WHAT THE TASK ASKS: Exact copy, no pictures: return only the lines below from the line with "Статуя Иисуса Христа" up to and including the line with "Dnipro (Ukrainian: Дніпро, )".

RECORDS SHOWN:
───

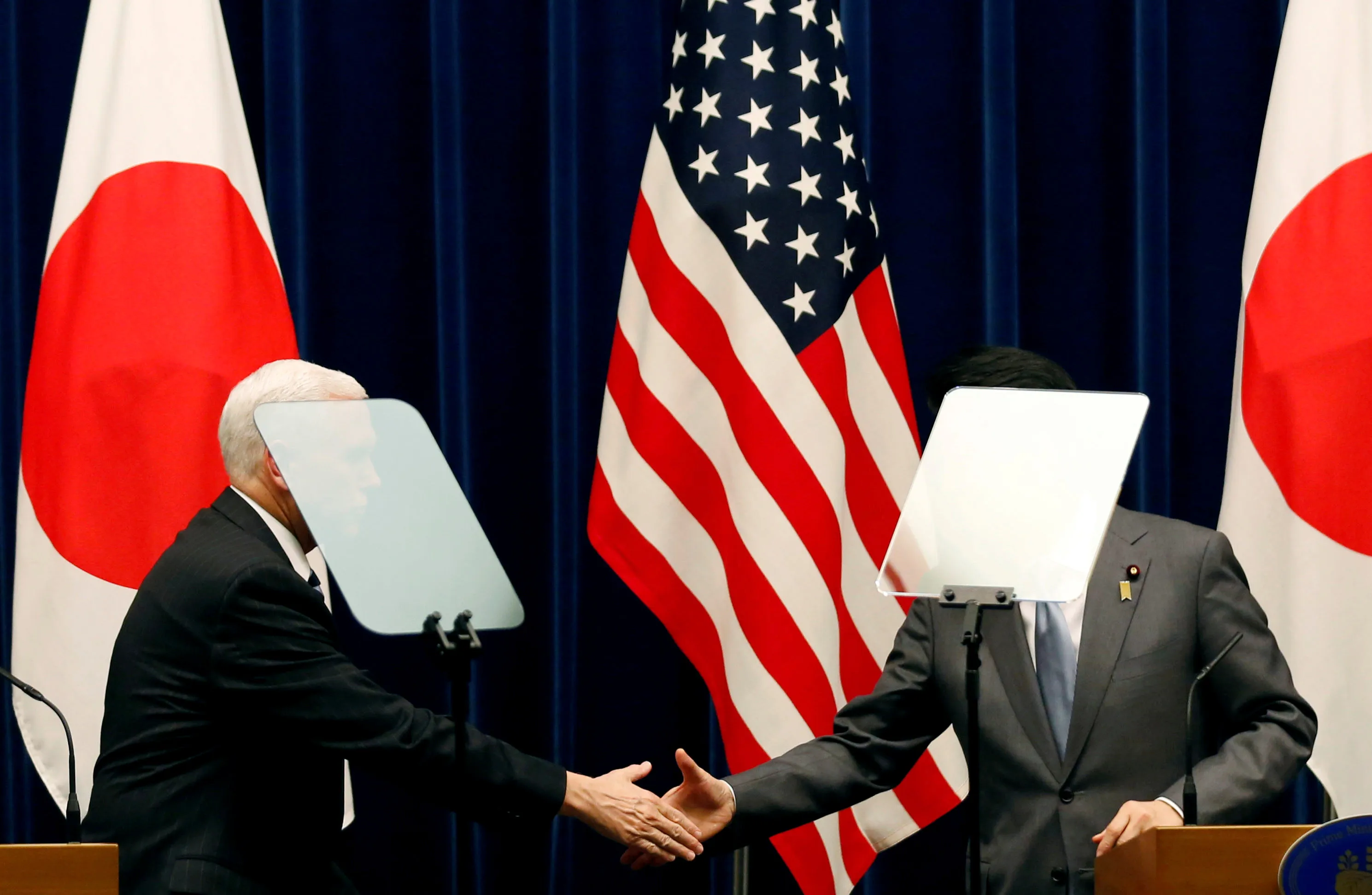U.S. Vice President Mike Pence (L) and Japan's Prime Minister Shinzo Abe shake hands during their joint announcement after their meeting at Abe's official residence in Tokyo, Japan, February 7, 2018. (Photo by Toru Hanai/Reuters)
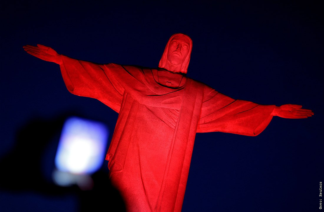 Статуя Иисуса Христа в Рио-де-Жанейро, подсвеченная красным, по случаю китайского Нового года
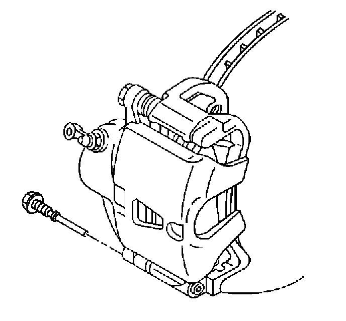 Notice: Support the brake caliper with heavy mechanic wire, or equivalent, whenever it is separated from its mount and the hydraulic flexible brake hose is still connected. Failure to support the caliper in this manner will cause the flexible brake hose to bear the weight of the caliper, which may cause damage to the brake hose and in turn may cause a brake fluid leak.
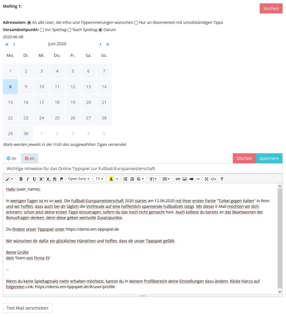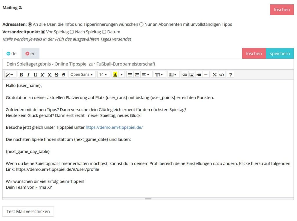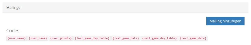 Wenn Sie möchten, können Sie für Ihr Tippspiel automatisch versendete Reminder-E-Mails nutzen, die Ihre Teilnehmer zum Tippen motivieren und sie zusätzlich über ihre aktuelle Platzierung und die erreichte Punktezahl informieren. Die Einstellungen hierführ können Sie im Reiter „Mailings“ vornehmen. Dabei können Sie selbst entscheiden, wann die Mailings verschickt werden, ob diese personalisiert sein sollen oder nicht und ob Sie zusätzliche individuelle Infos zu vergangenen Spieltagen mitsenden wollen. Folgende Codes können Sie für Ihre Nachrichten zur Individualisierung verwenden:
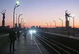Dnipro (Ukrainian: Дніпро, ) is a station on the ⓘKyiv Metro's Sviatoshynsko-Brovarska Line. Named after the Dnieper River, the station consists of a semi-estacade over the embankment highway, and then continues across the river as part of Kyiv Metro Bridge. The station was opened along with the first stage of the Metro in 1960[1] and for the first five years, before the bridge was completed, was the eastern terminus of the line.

───

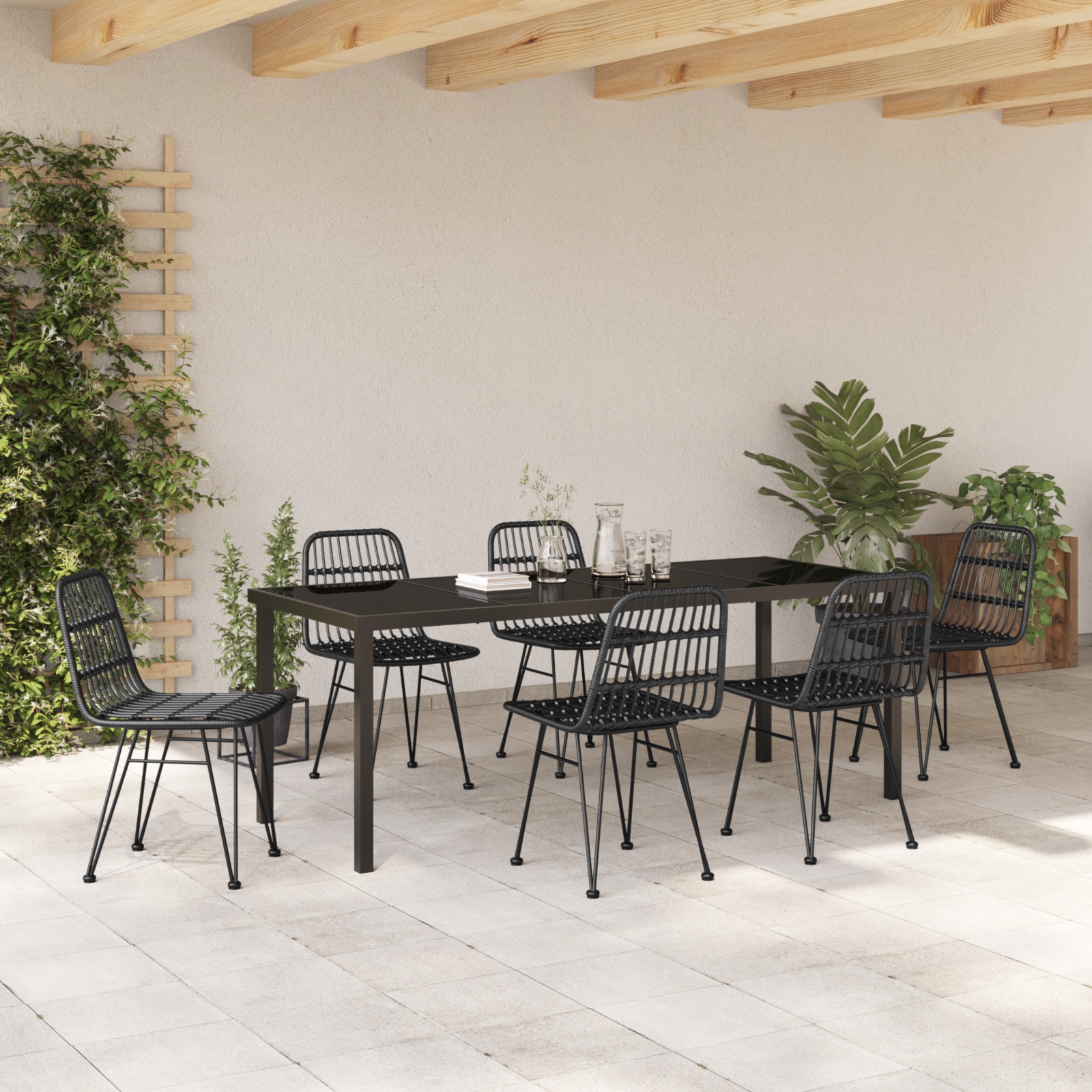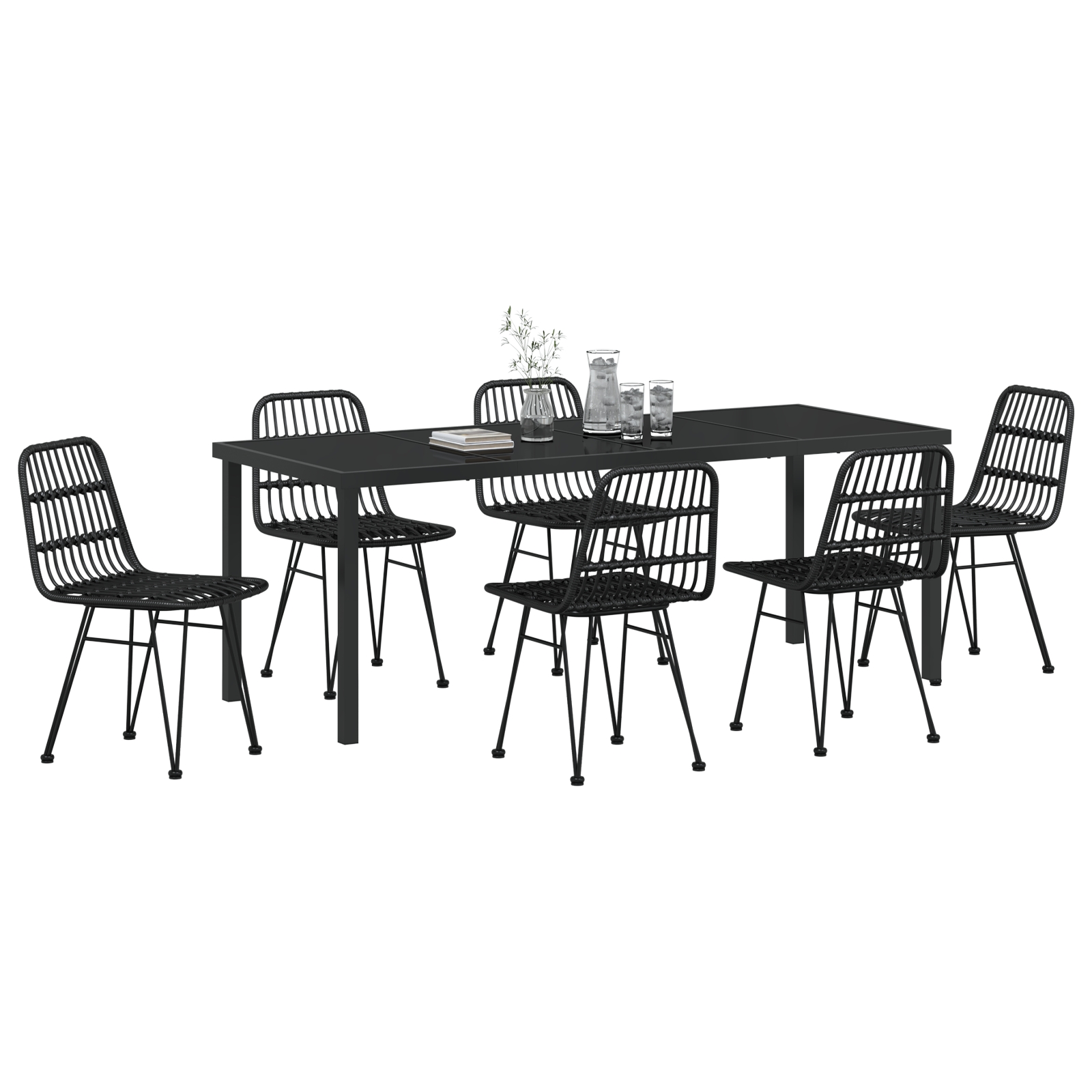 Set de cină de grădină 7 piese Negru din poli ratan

───

RESPONSE TO THE TASK:
 Статуя Иисуса Христа в Рио-де-Жанейро, подсвеченная красным, по случаю китайского Нового года
 Notice: Support the brake caliper with heavy mechanic wire, or equivalent, whenever it is separated from its mount and the hydraulic flexible brake hose is still connected. Failure to support the caliper in this manner will cause the flexible brake hose to bear the weight of the caliper, which may cause damage to the brake hose and in turn may cause a brake fluid leak.
 Wenn Sie möchten, können Sie für Ihr Tippspiel automatisch versendete Reminder-E-Mails nutzen, die Ihre Teilnehmer zum Tippen motivieren und sie zusätzlich über ihre aktuelle Platzierung und die erreichte Punktezahl informieren. Die Einstellungen hierführ können Sie im Reiter „Mailings“ vornehmen. Dabei können Sie selbst entscheiden, wann die Mailings verschickt werden, ob diese personalisiert sein sollen oder nicht und ob Sie zusätzliche individuelle Infos zu vergangenen Spieltagen mitsenden wollen. Folgende Codes können Sie für Ihre Nachrichten zur Individualisierung verwenden:
Dnipro (Ukrainian: Дніпро, ) is a station on the ⓘKyiv Metro's Sviatoshynsko-Brovarska Line. Named after the Dnieper River, the station consists of a semi-estacade over the embankment highway, and then continues across the river as part of Kyiv Metro Bridge. The station was opened along with the first stage of the Metro in 1960[1] and for the first five years, before the bridge was completed, was the eastern terminus of the line.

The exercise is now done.